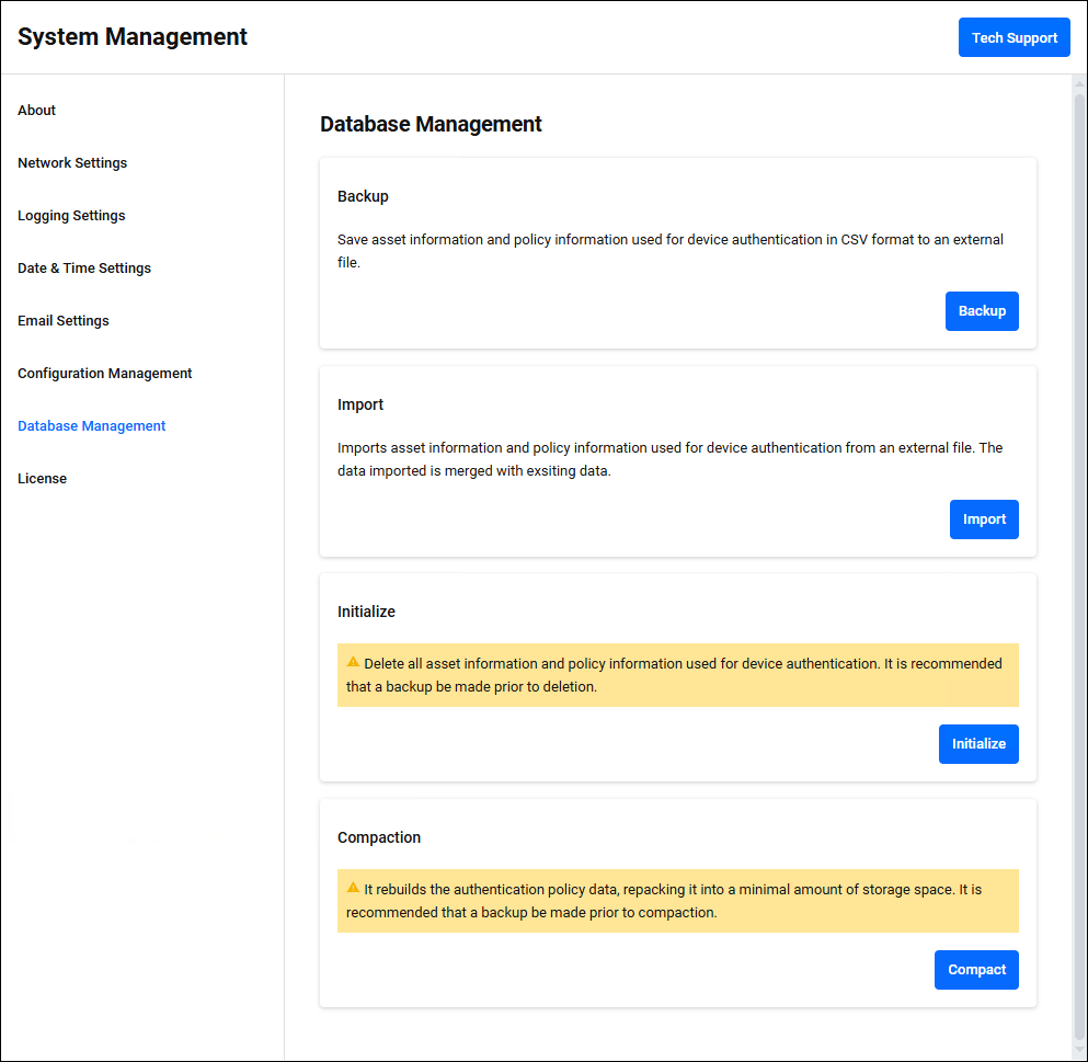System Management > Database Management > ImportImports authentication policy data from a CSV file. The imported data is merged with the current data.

==========

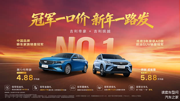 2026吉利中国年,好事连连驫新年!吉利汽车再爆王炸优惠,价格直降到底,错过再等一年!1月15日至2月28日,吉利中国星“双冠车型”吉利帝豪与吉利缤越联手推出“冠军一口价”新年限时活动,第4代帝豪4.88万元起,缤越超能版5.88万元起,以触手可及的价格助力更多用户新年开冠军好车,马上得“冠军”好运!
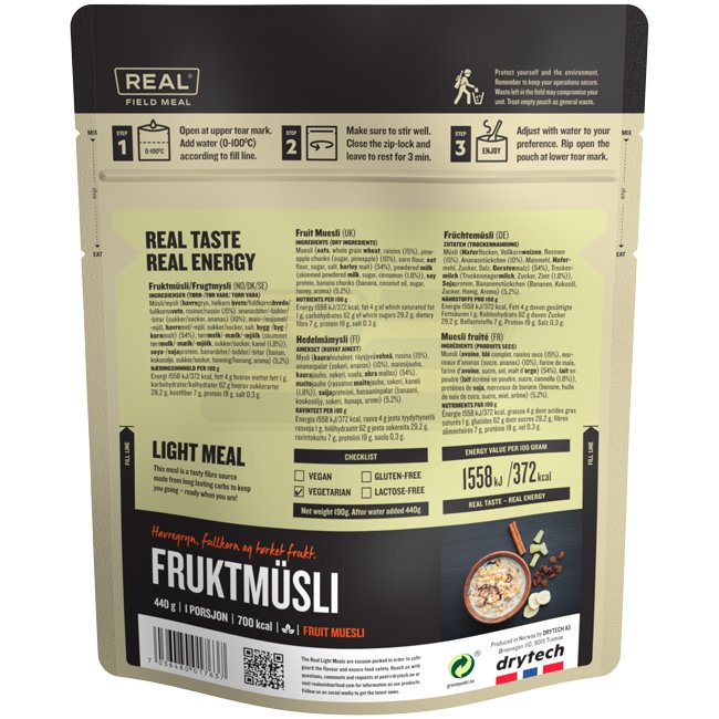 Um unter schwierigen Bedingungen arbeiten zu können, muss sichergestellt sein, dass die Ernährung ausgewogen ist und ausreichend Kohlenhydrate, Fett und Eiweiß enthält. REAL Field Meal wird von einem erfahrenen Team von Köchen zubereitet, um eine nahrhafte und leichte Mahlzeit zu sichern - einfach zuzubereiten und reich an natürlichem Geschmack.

==========

What's needed is an exact copy of the lines above from the one with "2026吉利中国年,好事连连" through the one with "Um unter schwierigen", both included; the pictures stay out.

# ANSWER FOR THE TASK
 2026吉利中国年,好事连连驫新年!吉利汽车再爆王炸优惠,价格直降到底,错过再等一年!1月15日至2月28日,吉利中国星“双冠车型”吉利帝豪与吉利缤越联手推出“冠军一口价”新年限时活动,第4代帝豪4.88万元起,缤越超能版5.88万元起,以触手可及的价格助力更多用户新年开冠军好车,马上得“冠军”好运!
 Um unter schwierigen Bedingungen arbeiten zu können, muss sichergestellt sein, dass die Ernährung ausgewogen ist und ausreichend Kohlenhydrate, Fett und Eiweiß enthält. REAL Field Meal wird von einem erfahrenen Team von Köchen zubereitet, um eine nahrhafte und leichte Mahlzeit zu sichern - einfach zuzubereiten und reich an natürlichem Geschmack.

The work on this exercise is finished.